That example is a subset of one of my biggest problems with Mushroom 11. The cardinal sin of a physics-based puzzler is when the player knows the solution but cannot manage the execution. The tedium of the slow approach is one thing, but a small handful of puzzles get downright infuriating due to the semi-random nature of the cell growth. There was one in particular in the seventh stage that had me second-guessing my solution after almost an hour spent on it. I had the right idea, I was just not quite fast enough. When I finally did complete it, I didn’t feel like I had done anything fundamentally different that time than I had during the hundred previous attempts.

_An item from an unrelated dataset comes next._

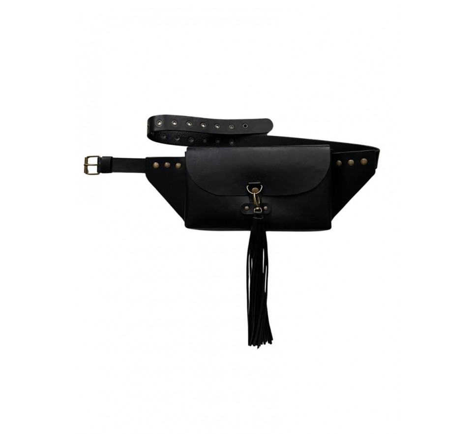 Geometryczna nerka z frędzlami to wyrazisty dodatek uszyty z naturalnej skóry garbowanej roślinnie i wykończony okuciami w kolorze starego złota. Jej prostokątna forma nadaje całości nowoczesny, uporządkowany charakter, a regulowany, zintegrowany pasek pozwala dopasować długość do sylwetki i sposobu noszenia.

In broader terms, the difficulty of Mushroom 11 was a surprise. The first couple levels can be easily completed in less than a half hour. The next few clock in at under an hour. The seventh stage took me as long to complete as the other six combined. It is not messing around. Early on, a lot of the greater challenges are optional, rewarding players for exploration or going the extra mile. At the end, some of the mandatory challenges almost made me quit and the optional ones seem damn near impossible. I eventually had to take a break because my finger was sore from how hard I was holding down the mouse button.

It’s almost as if Mushroom 11 transitions from being a puzzler to an action game during the final act. Not only do some of the sections require precision, they also demand speed. The control scheme can provide for either on its own, but having both at the same time can take a bit of luck.

The world this all takes place in is strangely beautiful. It paints a picture of an earth after humanity, full of desolation and decay. Each level has its own look to it, but the trend is toward less machinery and more nature as the game progresses. Humans may be gone, eradicated or forced to flee, but life still goes on in their wake. Again, creation from destruction.

Overall, Mushroom 11 is a worthwhile experience. It has its missteps, most notably when its puzzles favor brute force over elegance or when it doesn’t play to its unique control scheme’s strengths. But its uniqueness is its greatest asset; there isn’t anything else quite like it out there, and it takes a different kind of thinking to get through.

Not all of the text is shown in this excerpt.